It was like watching lions tear apart lambs. The crabs scurried from their side of the tanks, banged on the shells of the traumatized oysters, pried them open with a claw in a way similar to what humans do with a knife at restaurants and gobbled them down.
For crab lovers, bigger doesn't necessarily mean better. Carbon-absorbing crabs put all their energy into upgrading shells, not flesh — like a mansion without much furniture. So diners might be disappointed years from now when they crack open huge crabs and find little meat.

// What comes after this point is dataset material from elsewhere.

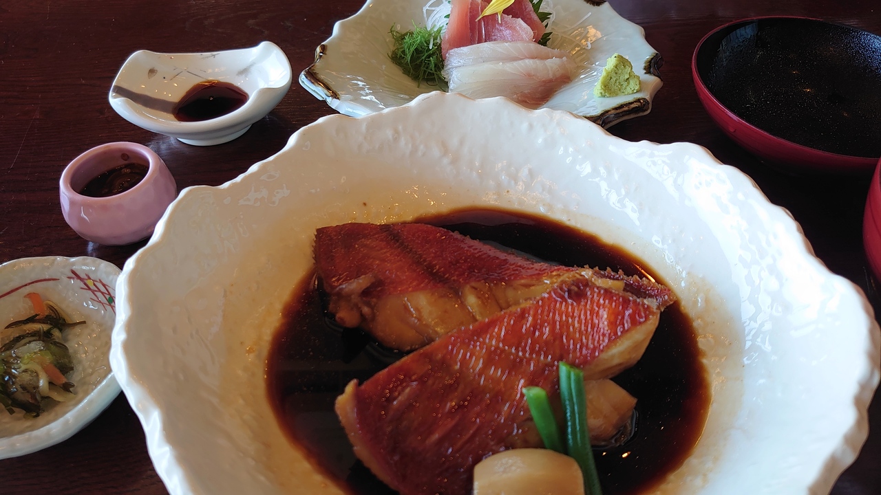早めに行ったつもりでしたが、もうお客さんがいて、少し並びました。1階がお土産、階段があり2階がお食事処です。伊豆の温泉宿をキャンセルしたため、ようやく金目鯛をいただくことができました。海沿いにあり、大きめの駐車場があります。

The research showing the effects of carbon on marine organisms was published in the journal Geology in 2009. The study, led by Ries and co-authored with Anne Cohen and Daniel McCorkle, and found that crabs, lobsters and shrimp grew bigger more rapidly as carbon pollution increased. Chesapeake blue crabs grew nearly four times faster in high-carbon tanks than in low-carbon tanks.
But under the same conditions, oysters, scallops and other organisms struggle to grow, making them more vulnerable to carnivores. Oysters in high-carbon tanks grew at only one-quarter the speed they did in low-carbon conditions, according to the study.
"It's taking them longer to go from oyster spat to oyster adult," said Luke Dodd, a doctoral candidate at UNC who put the crabs in a tank with oysters. "When you're a baby, there's tons of predators that want to eat you up."
But when they put mud crabs and oysters together in the tanks polluted with carbon, Dodd, Michael Piehler of UNC and Jonathan Grabowski of Northeastern University observed something they didn't expect, a response that gave oysters a prayer.
Under conditions with lower levels of carbon, two mud crabs polished off 20 oysters in six hours. But in the aquariums with higher levels of carbon, the mud crabs seemed confused.